Note that functions 1. and 2. are actually the same functions called with different flags (ENCODE or GETOPT). This is because the GETOPT part of the code gets options (parameters) from the command line (typed by the user) which will be needed when in the ENCODE part of the function is called. These parameters are made function static variables. They are set when the encode(,,GETOPT) call is made and used in future calls with the encode(,,ENCODE) call. Thus these parameters do not need to be passed to the function, they are "read" by the function and stored inside the function as static variables which remain there for future use.

To enable the encode(argc, argv, GETOPT) function to read (or scan) the command line, it is passed the pointer argv as well as the argument count argc which represent the entire command line.
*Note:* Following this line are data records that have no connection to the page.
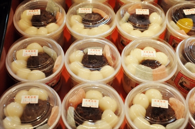 実は、白玉を作っているのは、戸塚にある工場。伊勢佐木町の厨房では、工場から冷凍の状態で運ばれた白玉を販売数分だけゆでるだけ。店舗では、同じく工場で作られた寒天や餡、求肥(ぎゅうひ)とともにパックに詰めているのだそう。投稿にある「午前中に売り切れてしまう白玉あんみつ」は、この日、24個が店に並ぶという。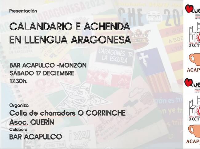 Este sábado, a las 17:30, el Bar Acapulco acoge la presentación del calendario de 2023 desarrollado por la Asociación O Corrinche (emigrantes aragoneses en Barcelona) y la Asociación Cultural para la promoción y la enseñanza de la lengua aragonesa en el Cinca medio, Querín.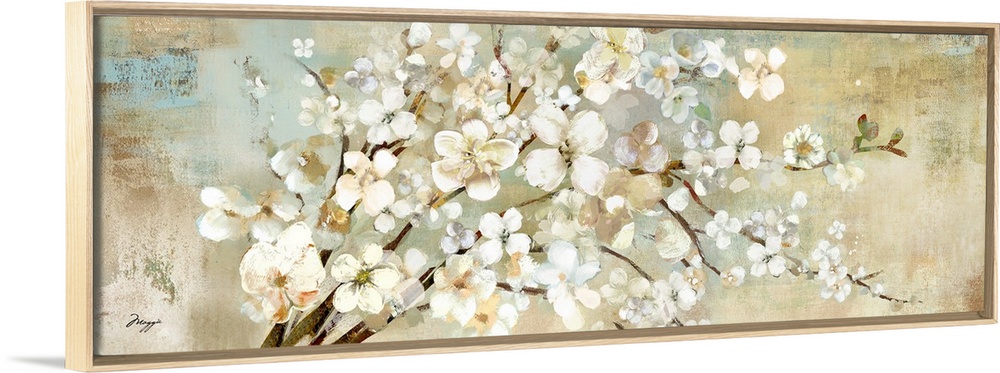 <p>A panoramic painting of a branch of white blossoms against a neutral backdrop.</p>

Finding where the language specific options start is easy since optind should point to the first one. The program getopt_long() is used for this scanning. This is a free-ware program which is may not be available in older versions of C compilers for MS DOS (such as Turbo C++). The main() program also scans the command line for user supplied parameters common to all font types: 1. The name of the pattern file to open 2. Should null padding be added to the softfont and if so, how much? 3. Should the pattern file be read as standard input ?

Since there would be a name conflict is say all encode() functions for various types of font had the same name (in the same file) they are given prefixes. For example font for Wyse terminals is encoded using WyseEncode(). When this function is called from the main() program for any type of font, the call is always the same: (* encodeChP) (argc, argv, ...). encodeChP stands for "Encode-Ch-Pointer" If we were encoding font for a Wyse terminal, encodeChP would point to WyseEncode. (* encodeChP) is the actual function (dereferenced).
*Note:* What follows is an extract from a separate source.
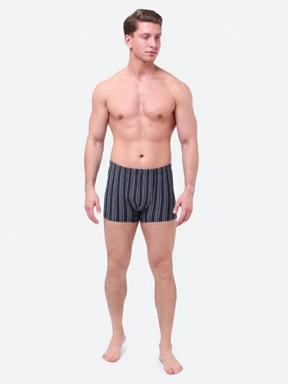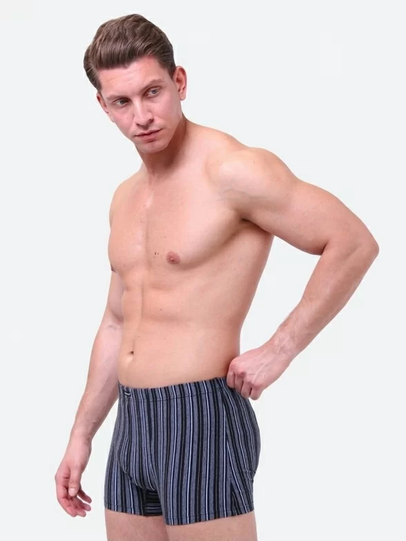 Удобные мужские боксеры в вертикальную полоску. Они сделаны из хлопка с добавлением лайкры и обеспечивают высокий уровень комфорта, а также очень приятны к телу. На втачном поясе расположена фирменная нашивка.

The situation is similar for all of the above listed 5 functions (actually 4 functions since encode() incorporates two functions in one. Now before one may use these pointer-to-functions in the main() code, these pointers must be assigned to point to the correct functions in encode.c. This is done by calling from main() to a function in encode.c: set_Fptrs (Set Function Pointers) to set up these pointers. In the call the addresses of pointers such as encodeChP are passed as parameters and set_Fptrs puts the correct pointer into these address. Thus the parameter is actually a pointer to a pointer. For the encode function the declaration of this parameter is: char * (*(*encodeCh))(). This "simply" says that encodeCh is a pointer to a pointer to a function that returns a string (= a pointer to a character). Note that the actual encode() function takes 3 parameters but they are not shown here. One says that encodeF is a pointer to a pointer-to-function; such function returning a string pointer (a pointer to a char).

The main() program sends the name for the device language to set_Fptrs so that set_Fptrs knows how to make the function pointer assignments. This language name should be given by the user on the command line. But what if someone doesn't know the name? By typing just "pat2sf" with no parameters a usage message is display which shows how to ask for a list of such codes. --help list will show a list of the languages supported. ---help wyse will display the usage() message for Wyse font. It is may not be a great deal of help but it is better than nothing.

Variables common to the encode.c file are divided into two categories: file variables valid only in this file (static) and global variables which represent data supplied to this file from the main file. The use of function pointers and information hiding using static file variables is sort of an object-oriented approach. The 5 functions for a particular type of font and the file-static variables used by these functions are nearly equivalent to an object in C++.